Базаров только поклонился и Аркадию в последний раз пришлось удивиться: он заметил, что приятель его покраснел…
Впечатления Базарова усиливаются по мере его знакомства с Одинцовой, и обыкновенно выдержанный, холодный тон его рассуждений приобретает новый оттенок смущенного раздражения. В первый раз он столкнулся с человеком, владеющим собою с полным совершенством и, при сходстве горделивых привычек и свободного отношения к жизни, преисполненном иных влечений и желаний. Не имея никаких сильных верований и не подчиняясь предрассудкам света, Одинцова ни перед чем не уступала и никуда не шла, говорит Тургенев. Она многое видела, многое занимало ее глубоко, но ничто не удовлетворяло вполне. В её пытливом уме сомнения никогда не утихали до забывчивости и никогда не доростали до тревоги.

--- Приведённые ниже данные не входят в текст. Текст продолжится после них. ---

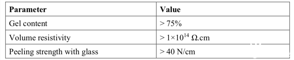 对于晶体硅组件:用于光伏组件的密封剂应为聚烯烃基、抗紫外线和抗PID。长期暴露时,密封剂不得变黄。密封剂应具有以下特性:
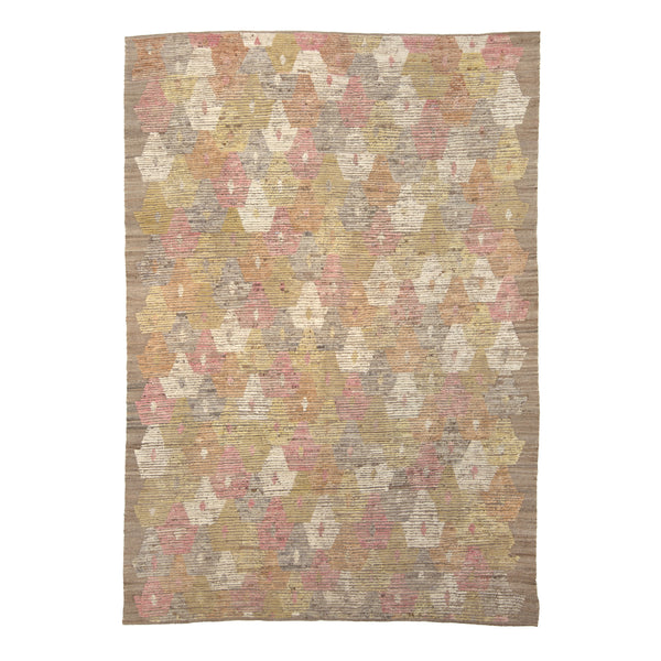 This Zameen Transitional Wool Rug offers a blend of natural materials and expert craftsmanship. Hand-knotted from durable wool, this area rug originates from Central Asia, reflecting traditional rug-making techniques adapted for modern interiors. The rug features a multicolored pattern, presenting an array of soft hues including various shades of pink, yellow, grey, off-white, and subtle orange or peach tones. These colors form a repeating geometric design, with shapes that resemble stylized hexagons or diamonds, set against a muted, natural beige...

Не спеша и не волнуясь, она проводила дни в тихом мечтании о новой жизни, не предназначенной, по-видимому, ей в удел. К грязной стороне отношений между мужчиною и женщиною она получила тайное отвращение, и потребность любви просыпалась в ней по временам вместе с тоскливою надеждою на свежие, яркие, поэтические впечатления. В первом интересном разговоре с Базаровым она, истомленная долгим ожиданием, ловит каждое его слово, отражающее хотя-бы в самой малой степени движение и свет поэтической мысли, подкупающее волнение эстетического чувства.
– Зачем вы, спрашивает ее Базаров, – с вашим умом, с вашей красотой, живете в деревне?
– Как? Как вы это сказали? с живостью подхватила Одинцова. С моей… красотою?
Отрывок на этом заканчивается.